====== SOURCE MATERIAL

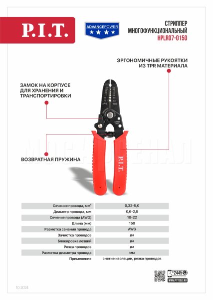 Стриппер многофункциональный P.I.T.HPLR07-0150 - универсальный инструмент для работы с проводами различного диаметра и сечения.
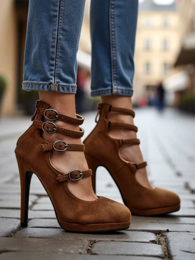 - Elegant women's block-heeled pumps made of suede eco-leather. The inside of the shoe is lined with eco-leather, and the toe is rounded. Class and fashion elegance!
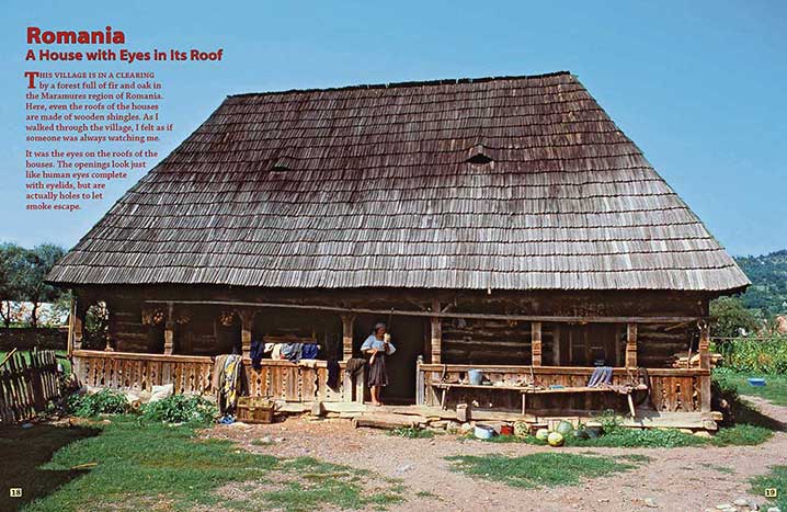| This village is in a clearing by a forest full of fir and oak in the Maramures region of Romania. Here, even the roofs of the houses are made of wooden shingles. As I walked through the village, I felt as if someone was always watching me.
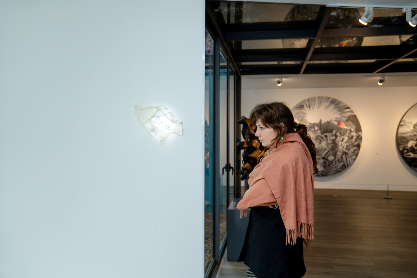 Chị Trinh cũng đánh giá cao việc phòng tranh sử dụng dây thép nhỏ để tạo một khoảng cách nhất định giữa công chúng và tác phẩm. Đây là điều mà nhiều bảo tàng, phòng triển lãm tại Việt Nam hiện giờ chưa áp dụng. Chi tiết nhỏ này giúp tác phẩm có không gian riêng, như thể bước lên một sân khấu nữa ngoài không gian trưng bày. Chị Trinh cho rằng đây là một động thái thể hiện sự chuyên nghiệp đồng thời cũng giúp công chúng hiểu được cần phải dành sự tôn trọng cho tác phẩm nghệ thuật.
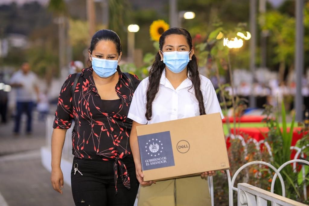 «Este es un día importante para nuestro país, un día que inicia el cierre de las diferencias en educación, donde iniciamos el cierre de la brecha tecnológica», dijo la ministra de Educación, Carla Hananía, quien entregó computadoras en el Instituto Nacional General Francisco Morazán, en San Salvador.
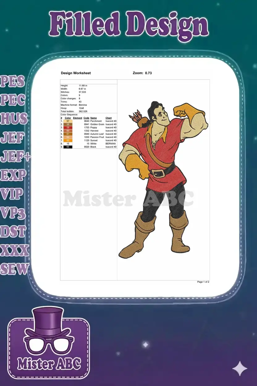 Gaston Disney character flexing bicep strong hunter embroidery designs
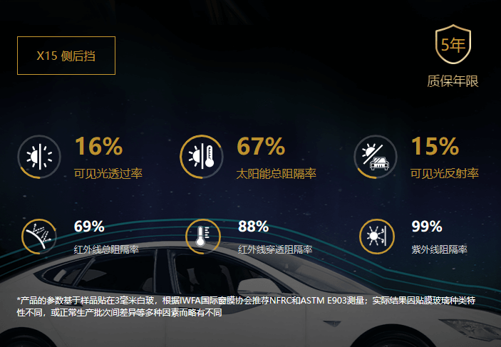 威固X15同样是常规系列中的一款深色金属膜,其太阳能总阻隔率为67%,在这三款产品中隔热效果最佳。X15的可见光透过率为16%,可见光反射率为15%,透明度和法氏囊眩光性能比K15略低,但保持了较高的隔热性能。如果对隔热效果有较高要求,X15是一个不错的选择。
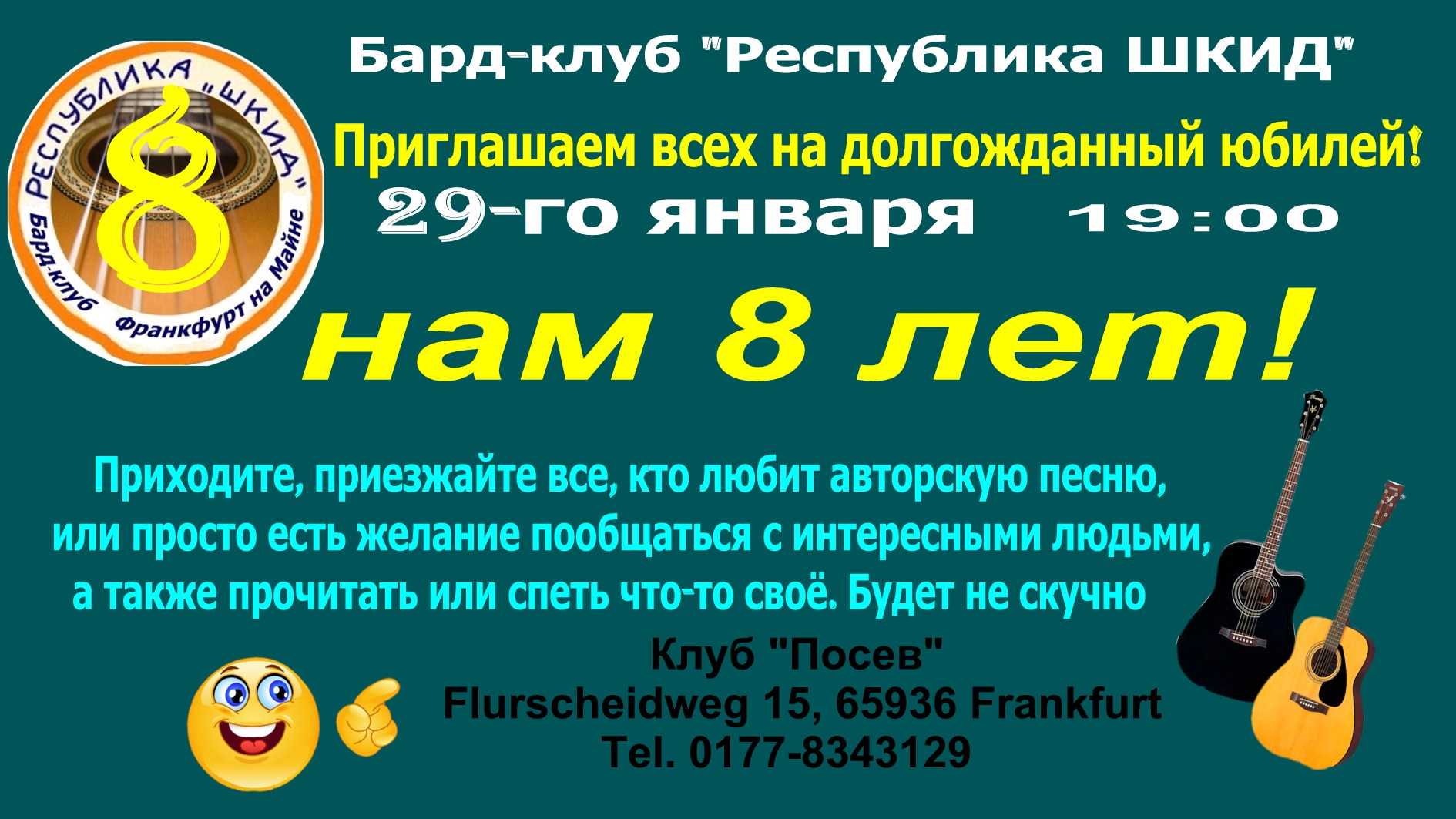 Бард-клуб « Республика ШКИД » Дорогие друзья! Граждане, товарищи, господа и просто приличные люди! Приглашаем всех 29-го января в 19:00 на наш 8-летний юбилей! Как всегда, будет много песен, стихов и хорошего настроения. Играют, поют и чатают все, кто имеет что спеть и прочитать. Наш клуб родился в январе 2014 года в день рождения В.Высоцкого. По устоявшейся традиции в наши дни рождения мы поём и его песни. Однако, темы песен и стихов ни чем не ограниченны и каждый поёт и читает то, что ему по душе. А кто не играет, не поёт и не читает - просто слушает, пьёт и кушает. Выпивки и закуски на любой вкус можно заказать в баре и в кафе у нашей любезной хозяйки Инны. Приходите, приезжайте, прилетайте! Мы ждём всех!
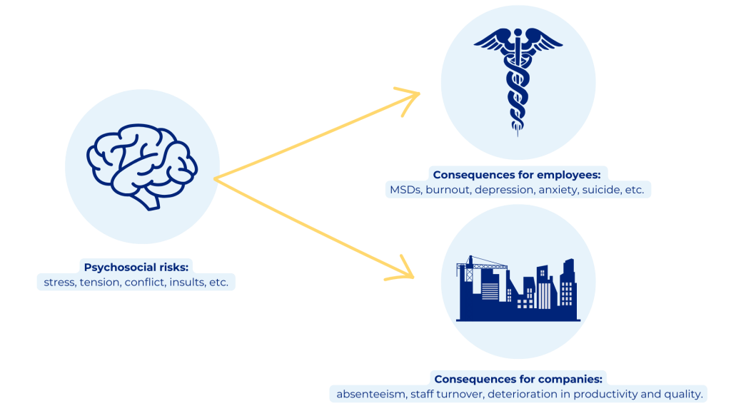 The consequences are numerous, both for employees (musculoskeletal disorders, professional burnout, depression, anxiety, suicide, etc.) and for the company (high absenteeism rates, significant turnover, degradation of productivity and quality).
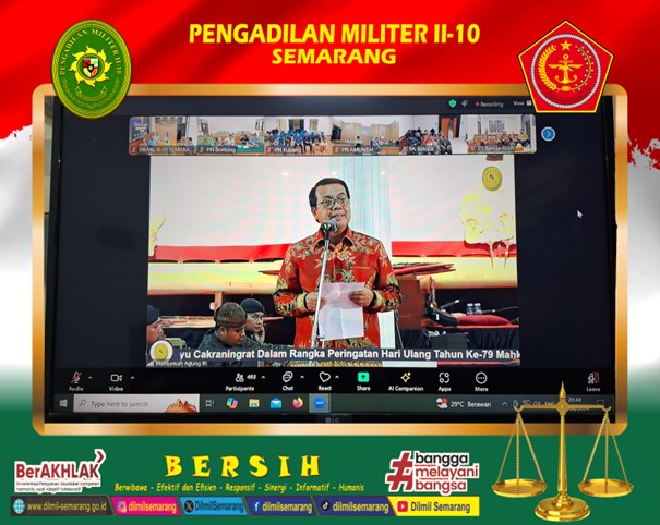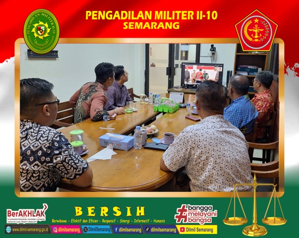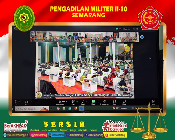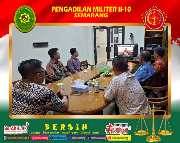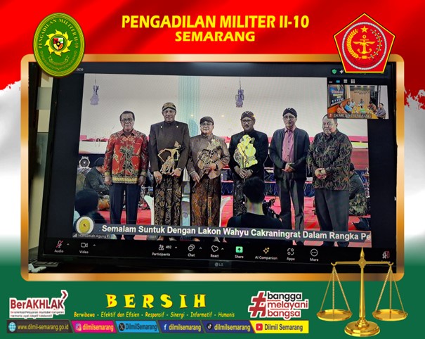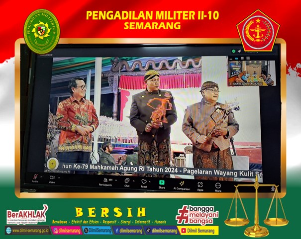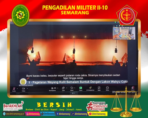 Semarang - Kadilmil II-10 Semarang Kolonel Chk Yudi Pranoto A, S.H. beserta staf, menyaksikan secara online Pergelaran Wayang Kulit dengan lakon "Wahyu Cakraningrat". Pergelaran wayang kulit diselenggarakan masih dalam rangka Perayaan HUT Ke-79 MA RI dan dibuka secara langsung oleh YM Ketua Mahkamah Agung pada hari Sabtu, 31 Agustus 2024.
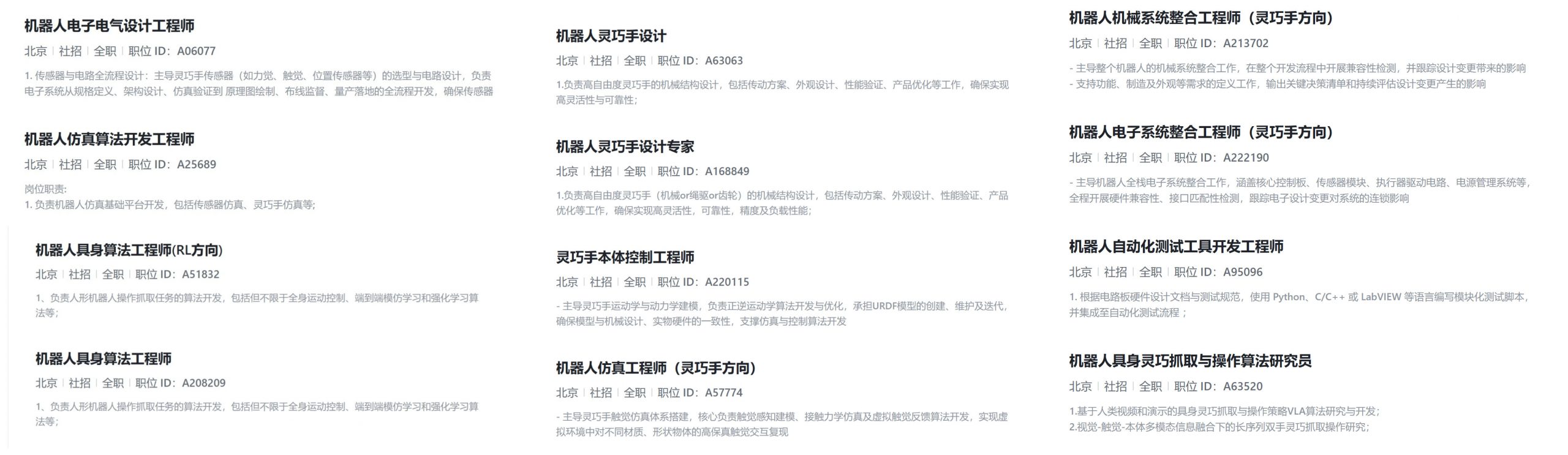 與此同時,小米機器人團隊正在擴張,與“機器人”相關的在招職位數(shù)量達257個,與“靈巧手”相關的在招職位達12個,包含機器人靈巧手設計、機器人仿真工程師、機器人具身靈巧抓取與操作算法研究員等。對于“靈巧手”相關工作的要求,盧澤宇在社交網(wǎng)絡上回復稱,在招機械,電子,本體控制,仿真,系統(tǒng)整合等。
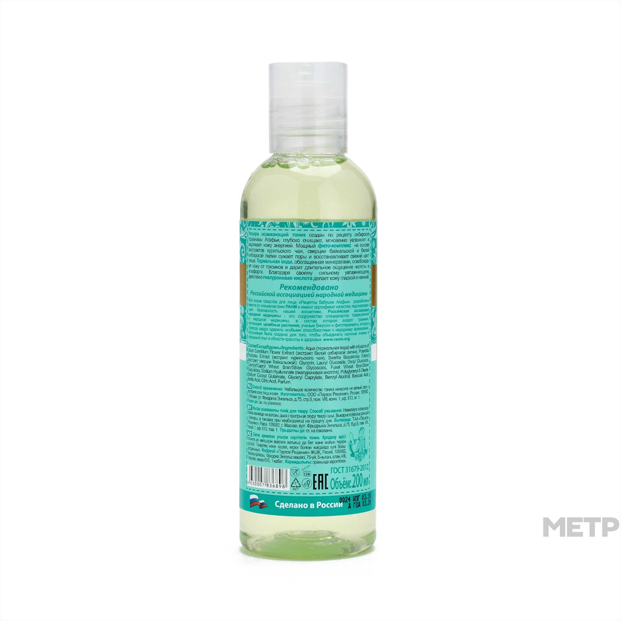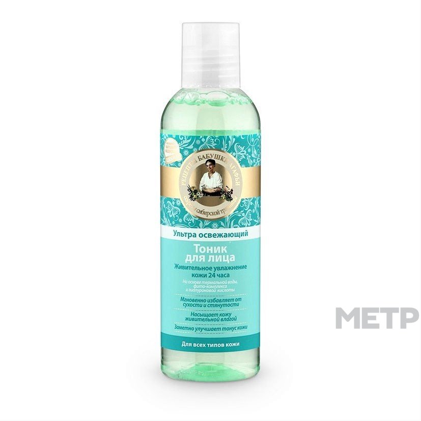 Тоник для лица Рецепты бабушки Агафьи Живительное увлажнение 200 мл подойдет всем типам кожи. Придает ей гладкость и нежность. Улучшает ее состояние за счет обеспечения влагой и выравнивания тона. Борется с тусклостью и осветляет. Удаляет жирный блеск и делает кожу матовой, придавая здоровое сияние.

============

== EXERCISE OBJECTIVE ==
Given the records above, return the lines starting at the one that holds "en San Salvador." and ending at the one that holds "The consequences are", exactly, and nothing besides; leave every picture out.

== ANSWER FOR THE TASK ==
 «Este es un día importante para nuestro país, un día que inicia el cierre de las diferencias en educación, donde iniciamos el cierre de la brecha tecnológica», dijo la ministra de Educación, Carla Hananía, quien entregó computadoras en el Instituto Nacional General Francisco Morazán, en San Salvador.
 Gaston Disney character flexing bicep strong hunter embroidery designs
 威固X15同样是常规系列中的一款深色金属膜,其太阳能总阻隔率为67%,在这三款产品中隔热效果最佳。X15的可见光透过率为16%,可见光反射率为15%,透明度和法氏囊眩光性能比K15略低,但保持了较高的隔热性能。如果对隔热效果有较高要求,X15是一个不错的选择。
 Бард-клуб « Республика ШКИД » Дорогие друзья! Граждане, товарищи, господа и просто приличные люди! Приглашаем всех 29-го января в 19:00 на наш 8-летний юбилей! Как всегда, будет много песен, стихов и хорошего настроения. Играют, поют и чатают все, кто имеет что спеть и прочитать. Наш клуб родился в январе 2014 года в день рождения В.Высоцкого. По устоявшейся традиции в наши дни рождения мы поём и его песни. Однако, темы песен и стихов ни чем не ограниченны и каждый поёт и читает то, что ему по душе. А кто не играет, не поёт и не читает - просто слушает, пьёт и кушает. Выпивки и закуски на любой вкус можно заказать в баре и в кафе у нашей любезной хозяйки Инны. Приходите, приезжайте, прилетайте! Мы ждём всех!
 The consequences are numerous, both for employees (musculoskeletal disorders, professional burnout, depression, anxiety, suicide, etc.) and for the company (high absenteeism rates, significant turnover, degradation of productivity and quality).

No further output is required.